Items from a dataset
- - - - -

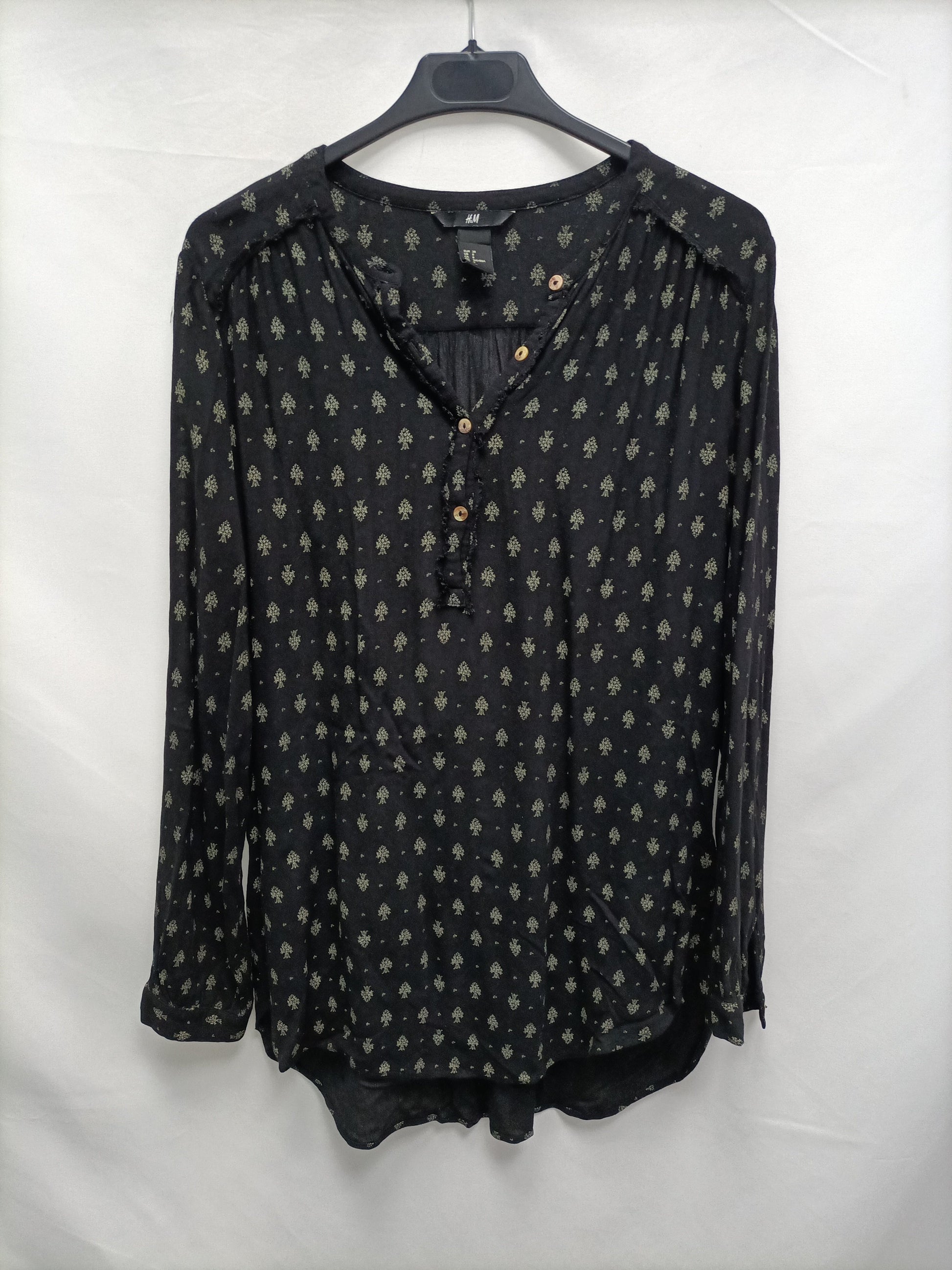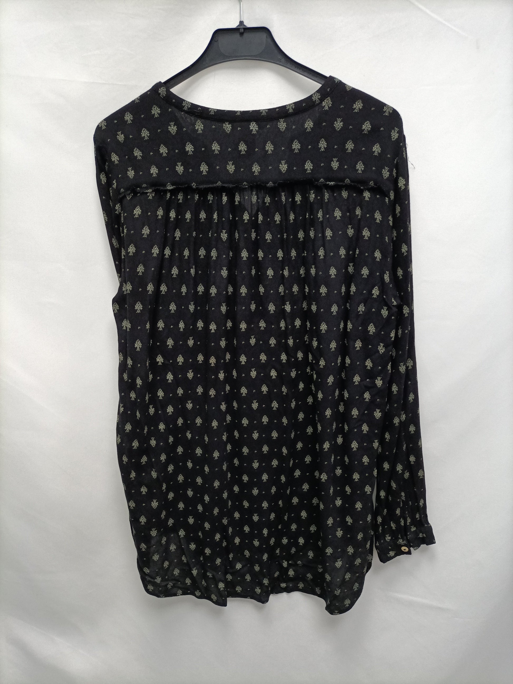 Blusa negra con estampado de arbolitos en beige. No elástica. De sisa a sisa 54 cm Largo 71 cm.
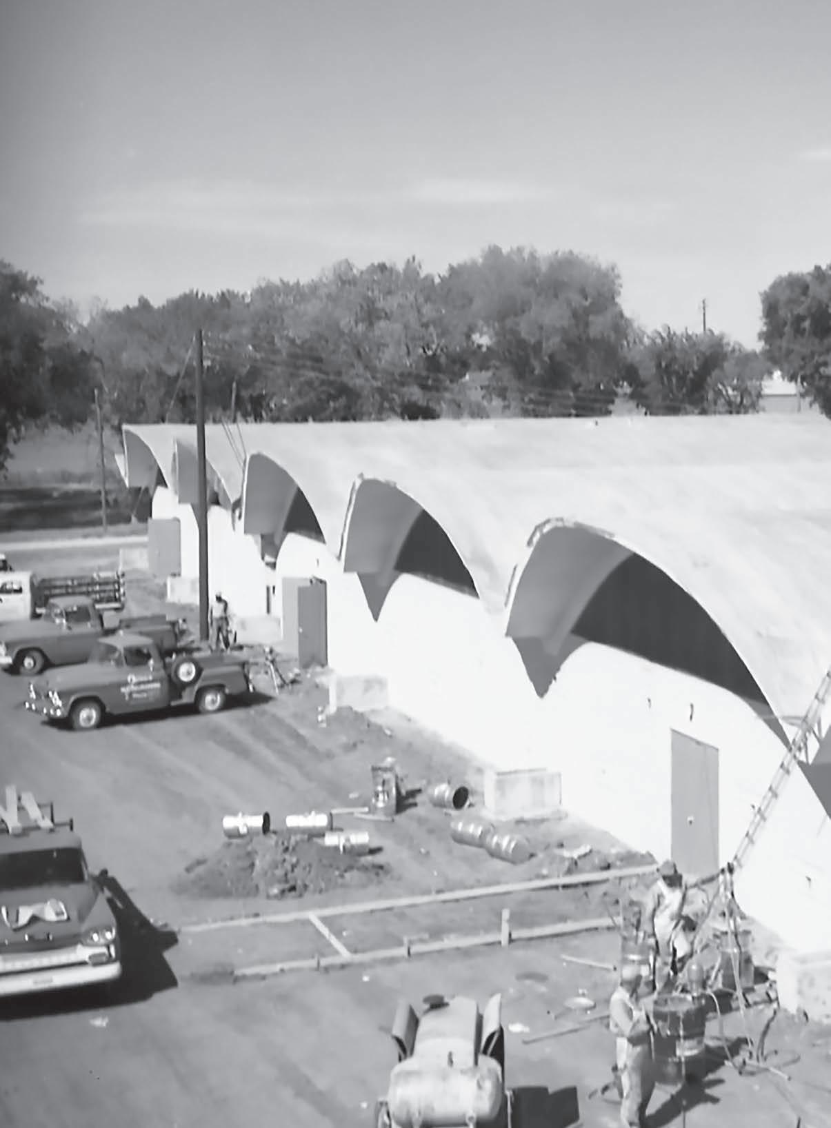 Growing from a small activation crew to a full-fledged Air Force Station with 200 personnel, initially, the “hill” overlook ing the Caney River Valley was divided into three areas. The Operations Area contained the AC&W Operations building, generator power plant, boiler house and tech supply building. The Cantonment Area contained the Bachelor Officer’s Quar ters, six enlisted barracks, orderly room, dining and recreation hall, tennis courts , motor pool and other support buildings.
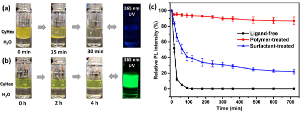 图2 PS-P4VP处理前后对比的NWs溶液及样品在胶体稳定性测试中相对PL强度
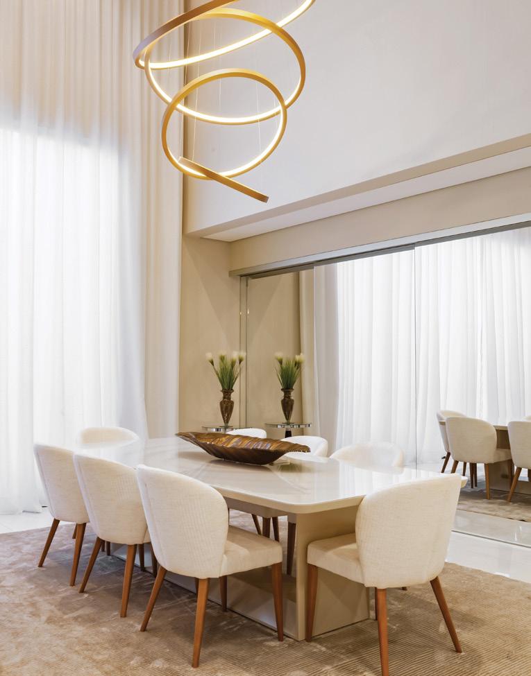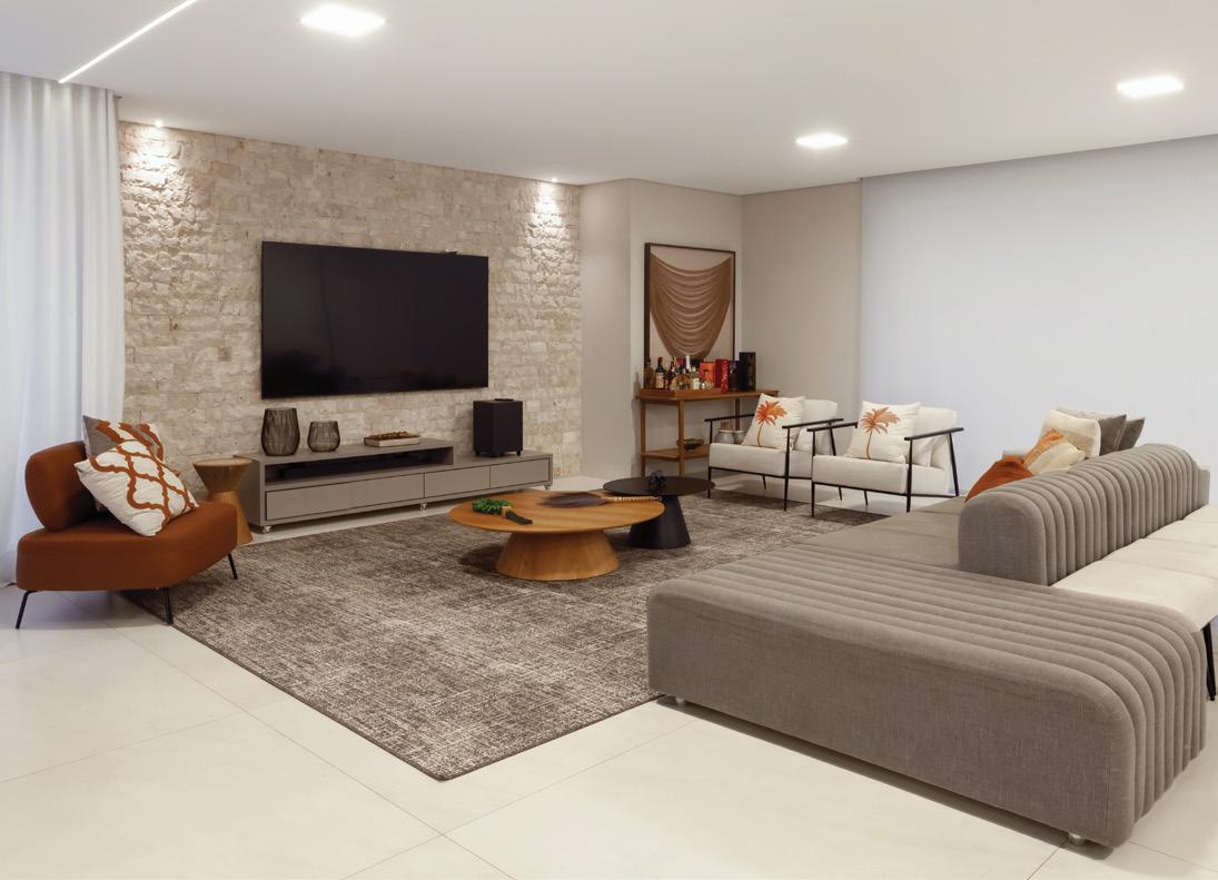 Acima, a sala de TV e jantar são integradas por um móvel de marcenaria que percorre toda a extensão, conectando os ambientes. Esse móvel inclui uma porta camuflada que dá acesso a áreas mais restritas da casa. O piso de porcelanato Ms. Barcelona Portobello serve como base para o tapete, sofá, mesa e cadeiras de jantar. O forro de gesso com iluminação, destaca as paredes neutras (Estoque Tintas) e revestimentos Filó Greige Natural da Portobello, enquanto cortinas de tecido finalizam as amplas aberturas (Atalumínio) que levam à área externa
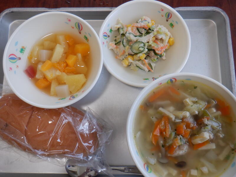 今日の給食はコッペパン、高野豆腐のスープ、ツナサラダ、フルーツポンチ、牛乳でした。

- - - - -

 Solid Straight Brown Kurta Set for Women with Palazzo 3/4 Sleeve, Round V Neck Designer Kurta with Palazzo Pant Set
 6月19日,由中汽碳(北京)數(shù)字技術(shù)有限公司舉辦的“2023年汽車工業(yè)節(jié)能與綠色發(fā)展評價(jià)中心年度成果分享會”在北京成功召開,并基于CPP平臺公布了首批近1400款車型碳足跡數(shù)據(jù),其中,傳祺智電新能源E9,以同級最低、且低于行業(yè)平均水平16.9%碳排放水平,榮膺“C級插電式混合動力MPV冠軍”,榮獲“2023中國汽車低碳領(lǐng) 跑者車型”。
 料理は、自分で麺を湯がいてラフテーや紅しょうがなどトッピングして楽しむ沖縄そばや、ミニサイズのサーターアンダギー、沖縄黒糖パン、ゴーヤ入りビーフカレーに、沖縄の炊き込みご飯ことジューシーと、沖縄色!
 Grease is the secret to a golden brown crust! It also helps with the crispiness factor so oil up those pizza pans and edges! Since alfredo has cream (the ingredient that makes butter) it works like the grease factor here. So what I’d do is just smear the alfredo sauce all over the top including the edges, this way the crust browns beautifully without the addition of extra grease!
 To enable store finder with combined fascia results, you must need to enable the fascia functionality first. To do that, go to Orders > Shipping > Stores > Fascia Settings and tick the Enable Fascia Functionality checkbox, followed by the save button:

- - - - -

Exercise →
Which lines of the data contain the string "that"? Copy each one.

Answer space →
 Grease is the secret to a golden brown crust! It also helps with the crispiness factor so oil up those pizza pans and edges! Since alfredo has cream (the ingredient that makes butter) it works like the grease factor here. So what I’d do is just smear the alfredo sauce all over the top including the edges, this way the crust browns beautifully without the addition of extra grease!
 To enable store finder with combined fascia results, you must need to enable the fascia functionality first. To do that, go to Orders > Shipping > Stores > Fascia Settings and tick the Enable Fascia Functionality checkbox, followed by the save button:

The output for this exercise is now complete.